Fasting to Overcome Habits, for Solitude and to Chastise the Body
Do you fast? Prove it by doing good works. If you see someone in need, take pity on them. If you see a friend being honored, don’t get jealous of him. For a true fast, you cannot fast only with your mouth. You must fast with your eye, your ear, your feet, your hands, and all parts of your body. [St. John Chrysostom, On Fasting].
16. Overcome Habits, Addiction, Gluttony
Fasting breaks the monotonous reenactment of habitual rituals to which we may be physically and intellectually shackled. A break in our eating patterns can lead to significant lifestyle changes.
Habituation refers to weakened responses to continually repeated stimuli. Consciously and unconsciously, we become addicted to many activities, routines and habits that we perform like robots, having long forgotten their origins or purpose.
Fasting is not confined to abstinence from eating and drinking. Fasting really means voluntary abstinence for a time from various necessities of life, such as food, drink, sleep, rest, association with people and so forth. The purpose of such abstinence for a longer or shorter period of time is to loosen to some degree the ties which bind us to the world of material things and our surroundings as a whole, in order that we may concentrate all our spiritual powers upon the unseen and eternal things. [Ole Hallesby, Prayer, p. 59].
When our bodies demand the chemicals, or our minds insist on the customary cravings, we must begin by recognizing the lamentable state to which we have descended. To reestablish control and confidence, we must first abstain, even if for just one day.

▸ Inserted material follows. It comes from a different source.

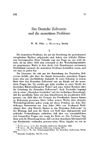 Der Deutsche Zollverein und die monetären Probleme

Fasting can be a painful admission that I am not free, that my life is enslaved, obsessed or addicted to external things such as food, drink, codependent relationships, sex, television, privacy and the like. [Albert Haase].
Lent prepares us for this most important moment; therefore, it is a “powerful” season, a turning point that can foster change and conversion in each of us. We all need to improve, to change for the better. Lent helps us and thus we leave behind old habits and the lazy addiction to the evil that deceives and ensnares us. [Pope Francis]
17. Separation, Solitude and Sanctity
Anything that is holy must be isolated away from pollution, and elevated above corruption. Under some circumstance, the only protection against spiritual contamination is self-imposed quarantine.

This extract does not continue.